Nature can create fascinating patterns - snowflakes, sand dunes, crystals, stalagmites and stalactites. Tornados and turbulence and cloud formations.

I'm with you so far


But non-living things cannot create language. They *cannot* create codes. Rocks cannot think and they cannot talk. And they cannot create information.

argument from incredulity fallacy


It is believed by some that life on planet earth arose accidentally from the "primordial soup," the early ocean which produced enzymes and eventually RNA, DNA, and primitive cells.

But there is still a problem with this theory: It fails to answer the question, 'Where did the information come from?'

"I don't know" does not equal "Goddidit"


DNA is not merely a molecule. Nor is it simply a "pattern." Yes, it contains chemicals and proteins, but those chemicals are arranged to form an intricate language, in the exact same way that English and Chinese and HTML are languages.

Unsupported assertion.
Unsupported assertion.
Unsupported assertion.
Gene sequences are not a language. That's just an analogy!


DNA has a four-letter alphabet, and structures very similar to words, sentences and paragraphs. With very precise instructions and systems that check for errors and correct them.

To the person who says that life arose naturally, you need only ask: "Where did the information come from? Show me just ONE example of a language that didn't come from a mind."

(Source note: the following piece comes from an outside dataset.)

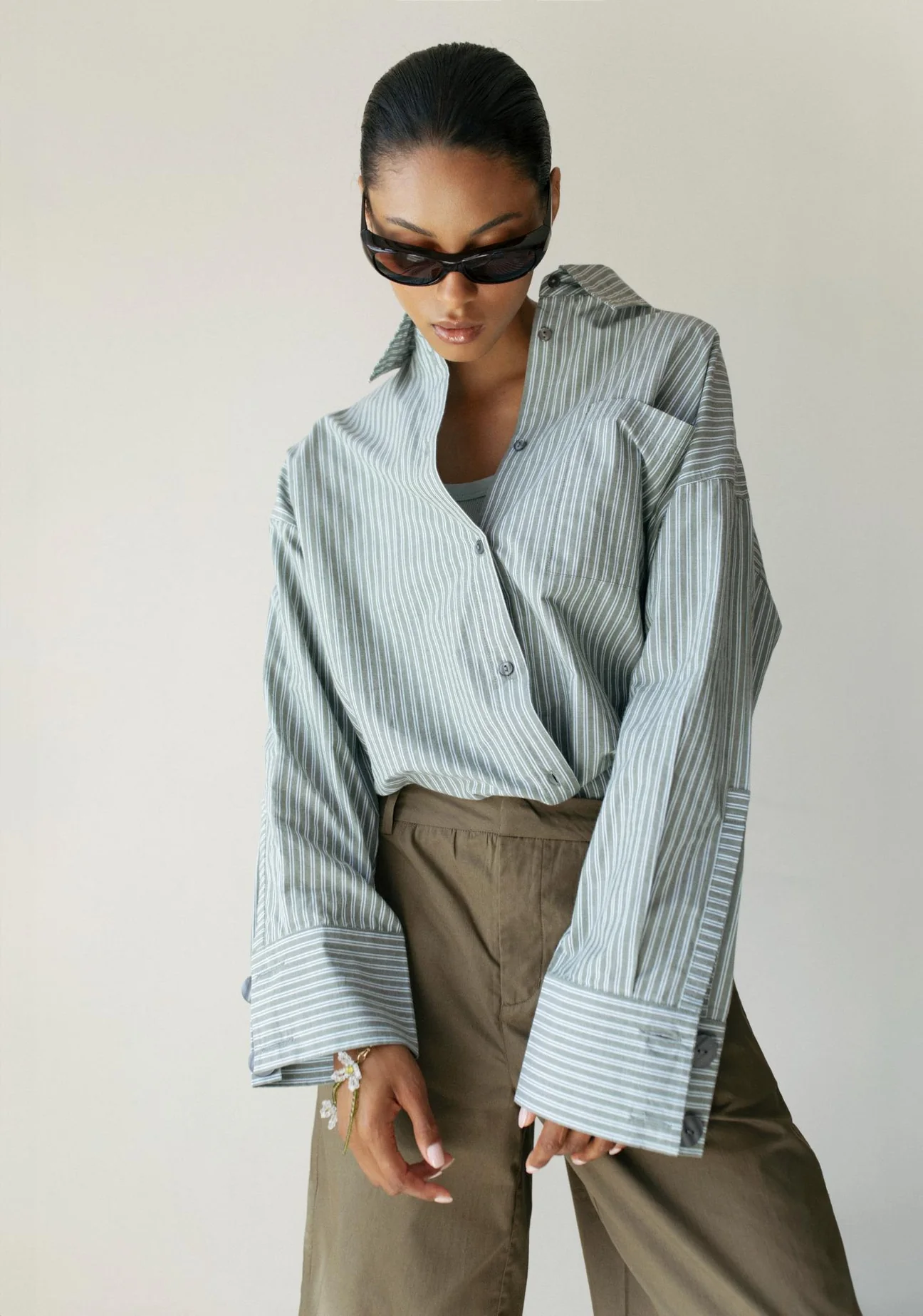 Create an accountThe Sofie Shirt brings a relaxed, oversized feel to the classic striped button-up. Cut from breathable woven cotton, it’s perfect for lounging or out-of-office days with our Wilma Cord pant. Or be traditional and pair with the Georgia Short or Nyah Pant for a coordinated set.

argument from incredulity fallacy again


As simple as this question is, I've personally presented it in public presentations and Internet discussion forums for more than two years. I've addressed more than fifty thousand people, including hostile, skeptical audiences who insist that life arose without the assistance of God.

But to a person, none of them have ever been able to explain where the information came from. This riddle is "So simple any child can understand; so complex, no atheist can solve."

Once more for the cheap seats: " "I don't know" does not equal "Goddidit"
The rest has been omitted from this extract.